Work item >> Return the full listing character for character, without its pictures.

Records for processing >>
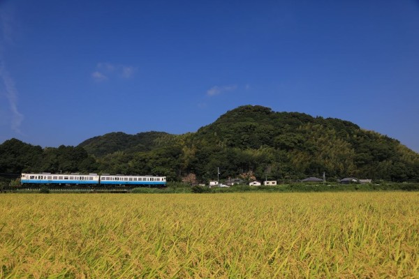 盛夏の青空の下、早くも黄金の稲田が広がる中を、四国色の国鉄型気動車が走り抜けた。
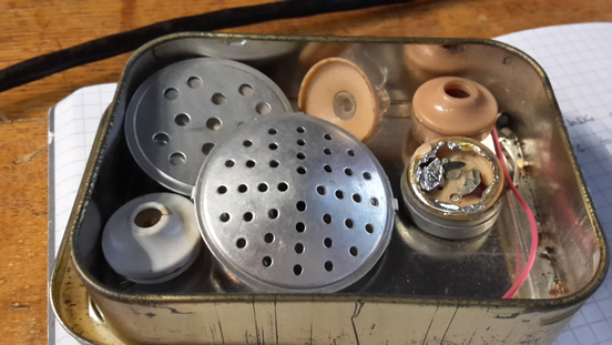 GWR: or the predecessors of piezo! I came in contact with piezo actually in an indirect way. The first piezo element was seignette salt, it was very hygroscopic. If it gets wet it’s lost forever. These old elements you won’t find anymore because they wouldn’t work. Because of humidity, they deteriorate after a while. But those are the first ones that were used as contact microphones, as headphones also, cheap earphones, crystal radios. These are old headphone pieces with seignette salt that are actually broken (fig.1).
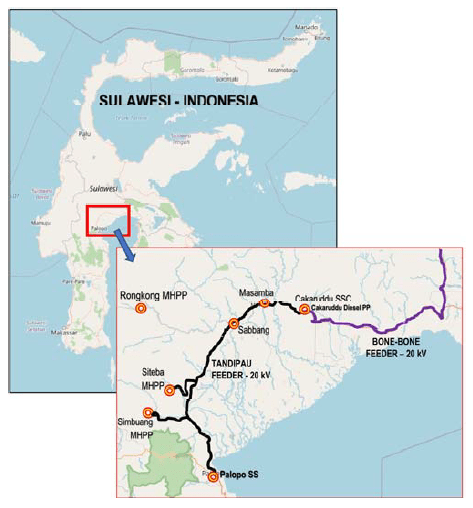 The electric power system in the Tandipau Feeder is based at the Palopo SS, there is the Simbuang MHPP with a capacity of 3000 kW, the Siteba MHPP with a capacity of 6000 kW, the Cakaruddu Diesel-PP 5000 kW which serves a load of 12786 kW.
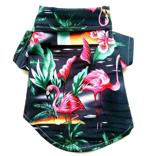 CHEMISE HAWAÏENNE NOIRE FLAMANTS ROSE POUR CHIEN
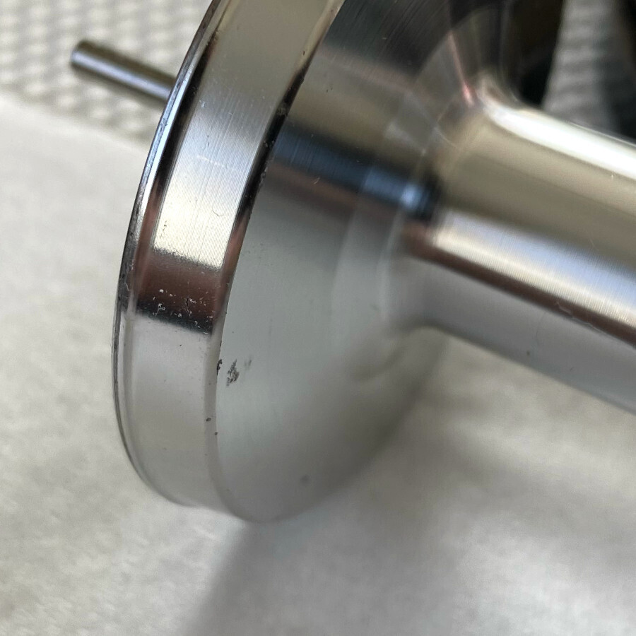 スプールをよく観察すると、内側のサイドに小さな黒い点が何箇所か見えます(写真5)。指で撫ででみるとざらつきが感じられました。おそらく腐食ではないかと思います。ラインにダメージがあるといけないので、ここも1000番のサンドペーパーで丁寧に磨き上げました。
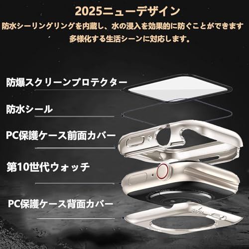 【360度防水設計】AIYYXX For アップルウォッチ カバー Series 10/9/8/SE2/SE/7/6/5/4 46mm ガラスフィルム+PCフレーム 一体型 2 in 1 前後の保護 IP68 防水 アップルウォッチ10 カバー 対応 高透過率 キズ防止 指紋防止 簡単に取り付け・取 全面保護 apple watch 10 ケース(Series 10,46mm,スターバースト)
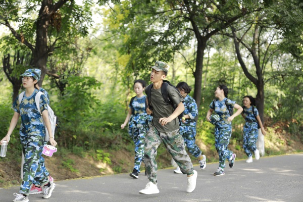 ? ? 拉練途中,教官和老師們?yōu)楣奈枋繗?,組織大家一路高唱軍歌、呼喊口號,并及時對學生送去關(guān)心,不時提醒學生注意安全行進。
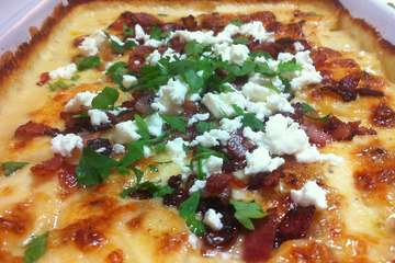 The perfect potato gratin recipe! Imagine luscious layers of the most creamy béchamel-based sauce, sweet caramelised onions, tangy and salty feta cheese and tender potatoes, topped with crispy bacon and Parmesan cheese..
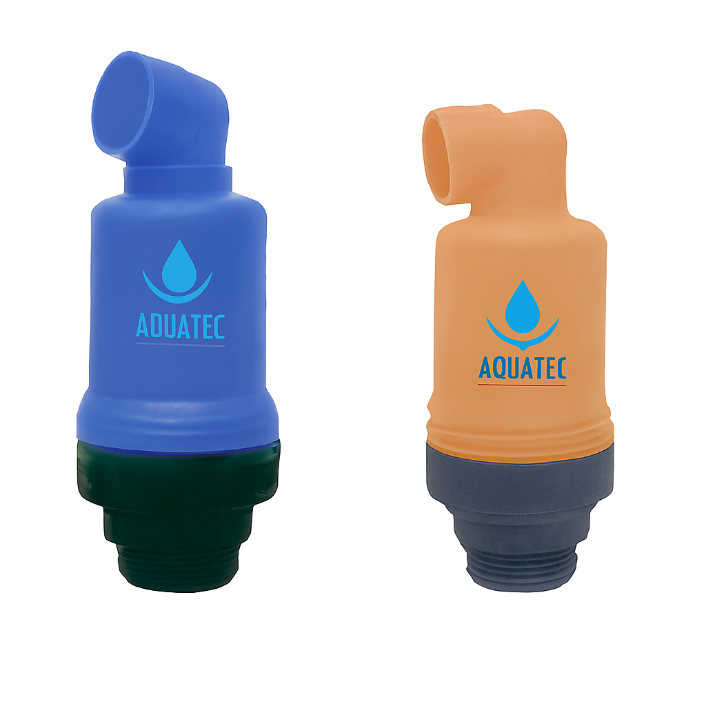 Las válvulas de aire de 2” Airlutec están diseñadas para sistemas hidráulicos de gran capacidad, permitiendo la expulsión eficiente del aire durante el llenado y la admisión controlada durante el vaciado. Fabricadas en plástico técnico de alta resistencia, estas válvulas están disponibles en dos versiones:
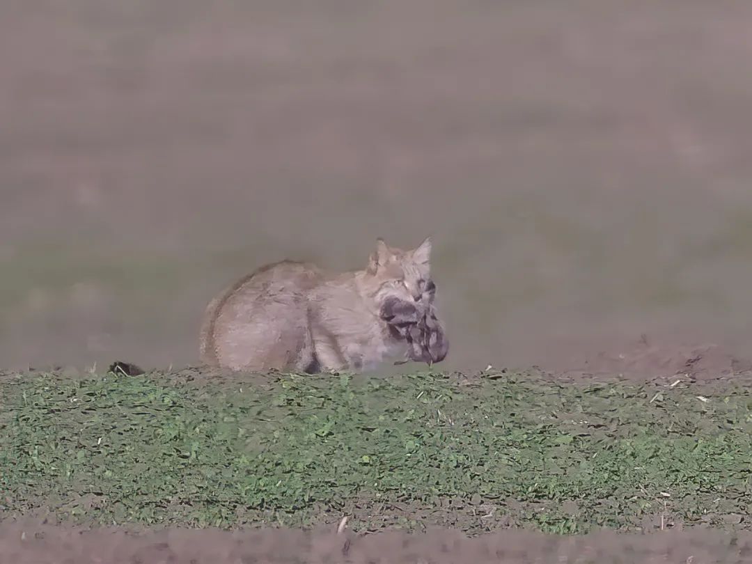 然而出人意料的是,在回到賓館後,與我們住同一賓館的拍鳥團告訴我們,他們之後在這片地的西部又見到了一隻貓,並拍到了它的捕食過程!
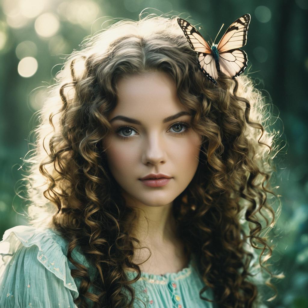 An imaginative young fairy, age 19 with a loose curls, portrayed in a whimsical style. The photo has a soft pastel illustration style with diffused sunlight and butterfly accents for a sharp and focused look.
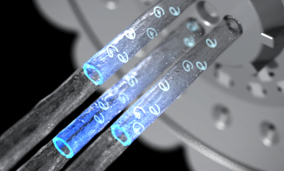 中心部が空洞になった直進性の高い3つの吐水。空洞部で気流を巻き込むことによってウルトラファインバブルを生成します。ウルトラファインバブルを含み、空洞によってあたりは柔らかでも確かな洗浄力を発揮します。
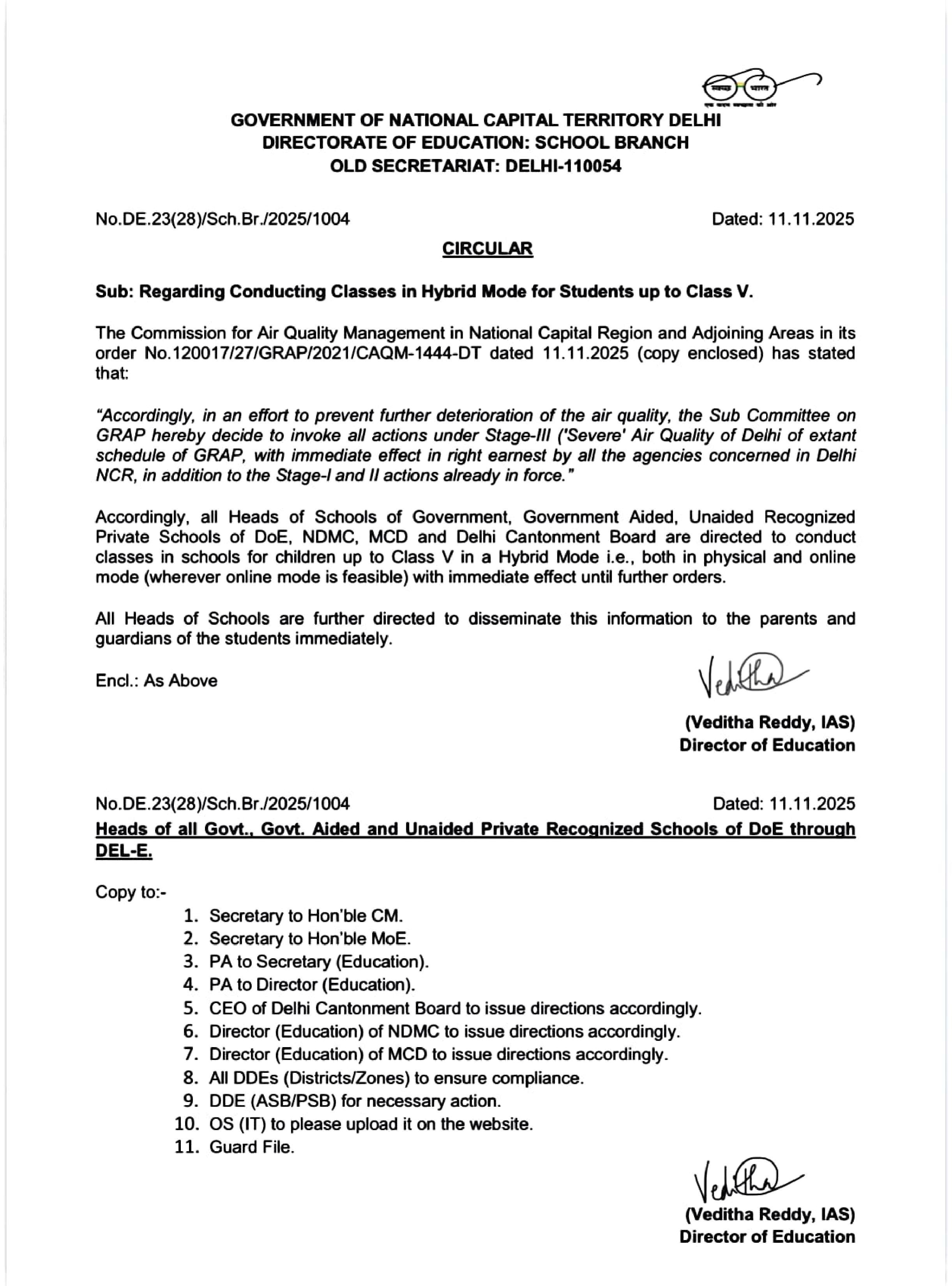 Delhi air pollution: Schools directed to hold classes in hybrid mode for students up to Class 5Given the worsening air quality in Delhi, the Rekha Gupta-led government has directed all schools across the national capital to conduct classes for children up to Class 5 in the hybrid mode. The circular mentioned that the preventive measure was in keeping with the Stage-3 of the Graded Response Action Plan (GRAP) guidelines that have been imposed in the national capital after the air quality reached 'severe' levels.
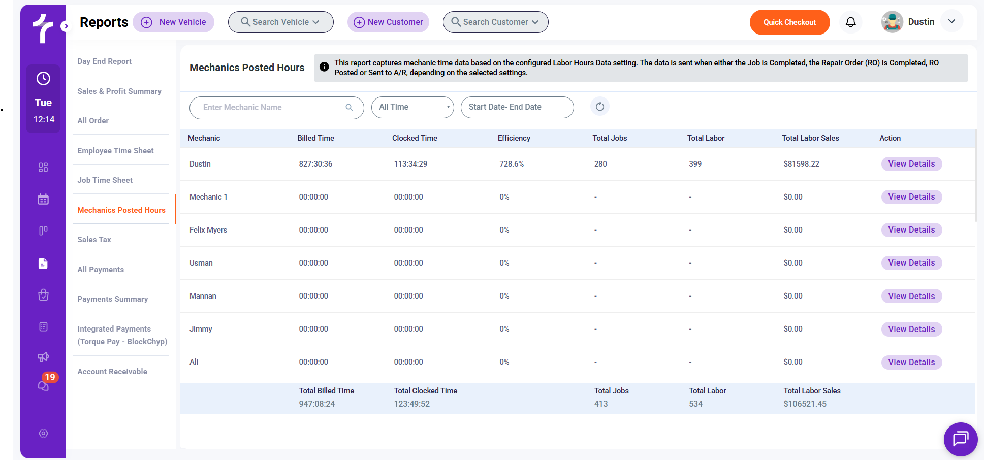 The Mechanics Posted Hours report provides a performance overview of each mechanic by comparing billed time with clocked time. It helps shop owners and managers evaluate technician efficiency, job volume, and total labor sales within a selected time range.
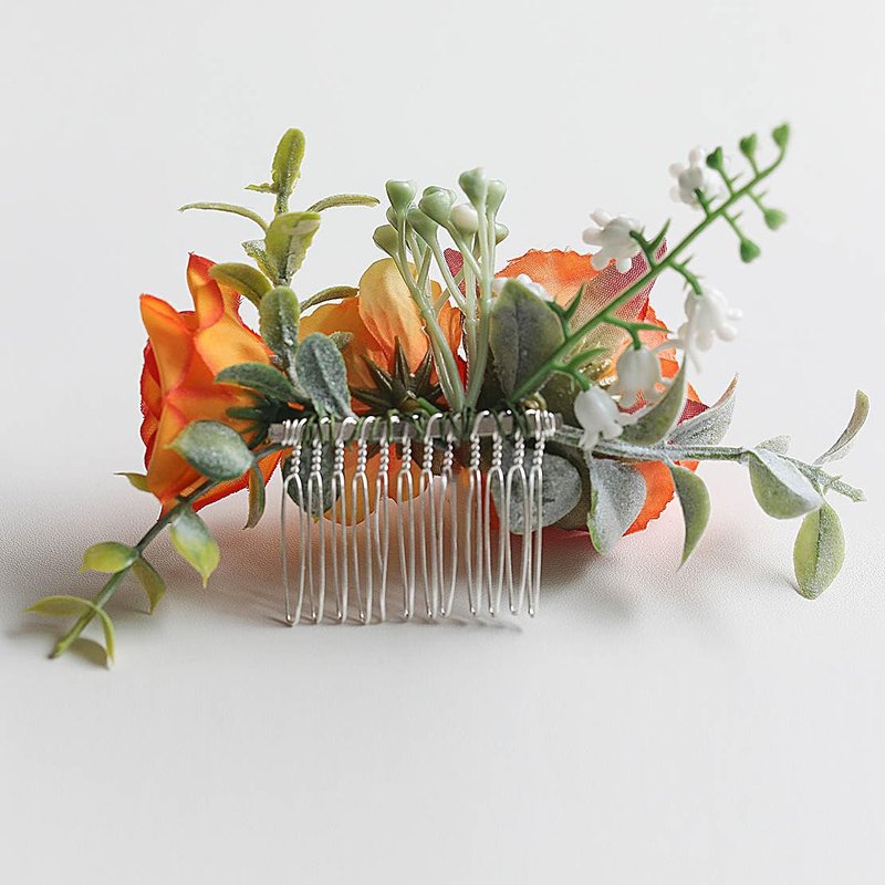 * Material: silk flower,3 flowers and 1flower buds, green plants and hair comb.

Exercise solution >>
 盛夏の青空の下、早くも黄金の稲田が広がる中を、四国色の国鉄型気動車が走り抜けた。
 GWR: or the predecessors of piezo! I came in contact with piezo actually in an indirect way. The first piezo element was seignette salt, it was very hygroscopic. If it gets wet it’s lost forever. These old elements you won’t find anymore because they wouldn’t work. Because of humidity, they deteriorate after a while. But those are the first ones that were used as contact microphones, as headphones also, cheap earphones, crystal radios. These are old headphone pieces with seignette salt that are actually broken (fig.1).
 The electric power system in the Tandipau Feeder is based at the Palopo SS, there is the Simbuang MHPP with a capacity of 3000 kW, the Siteba MHPP with a capacity of 6000 kW, the Cakaruddu Diesel-PP 5000 kW which serves a load of 12786 kW.
 CHEMISE HAWAÏENNE NOIRE FLAMANTS ROSE POUR CHIEN
 スプールをよく観察すると、内側のサイドに小さな黒い点が何箇所か見えます(写真5)。指で撫ででみるとざらつきが感じられました。おそらく腐食ではないかと思います。ラインにダメージがあるといけないので、ここも1000番のサンドペーパーで丁寧に磨き上げました。
 【360度防水設計】AIYYXX For アップルウォッチ カバー Series 10/9/8/SE2/SE/7/6/5/4 46mm ガラスフィルム+PCフレーム 一体型 2 in 1 前後の保護 IP68 防水 アップルウォッチ10 カバー 対応 高透過率 キズ防止 指紋防止 簡単に取り付け・取 全面保護 apple watch 10 ケース(Series 10,46mm,スターバースト)
 ? ? 拉練途中,教官和老師們?yōu)楣奈枋繗?,組織大家一路高唱軍歌、呼喊口號,并及時對學生送去關(guān)心,不時提醒學生注意安全行進。
 The perfect potato gratin recipe! Imagine luscious layers of the most creamy béchamel-based sauce, sweet caramelised onions, tangy and salty feta cheese and tender potatoes, topped with crispy bacon and Parmesan cheese..
 Las válvulas de aire de 2” Airlutec están diseñadas para sistemas hidráulicos de gran capacidad, permitiendo la expulsión eficiente del aire durante el llenado y la admisión controlada durante el vaciado. Fabricadas en plástico técnico de alta resistencia, estas válvulas están disponibles en dos versiones:
 然而出人意料的是,在回到賓館後,與我們住同一賓館的拍鳥團告訴我們,他們之後在這片地的西部又見到了一隻貓,並拍到了它的捕食過程!
 An imaginative young fairy, age 19 with a loose curls, portrayed in a whimsical style. The photo has a soft pastel illustration style with diffused sunlight and butterfly accents for a sharp and focused look.
 中心部が空洞になった直進性の高い3つの吐水。空洞部で気流を巻き込むことによってウルトラファインバブルを生成します。ウルトラファインバブルを含み、空洞によってあたりは柔らかでも確かな洗浄力を発揮します。
 Delhi air pollution: Schools directed to hold classes in hybrid mode for students up to Class 5Given the worsening air quality in Delhi, the Rekha Gupta-led government has directed all schools across the national capital to conduct classes for children up to Class 5 in the hybrid mode. The circular mentioned that the preventive measure was in keeping with the Stage-3 of the Graded Response Action Plan (GRAP) guidelines that have been imposed in the national capital after the air quality reached 'severe' levels.
 The Mechanics Posted Hours report provides a performance overview of each mechanic by comparing billed time with clocked time. It helps shop owners and managers evaluate technician efficiency, job volume, and total labor sales within a selected time range.
 * Material: silk flower,3 flowers and 1flower buds, green plants and hair comb.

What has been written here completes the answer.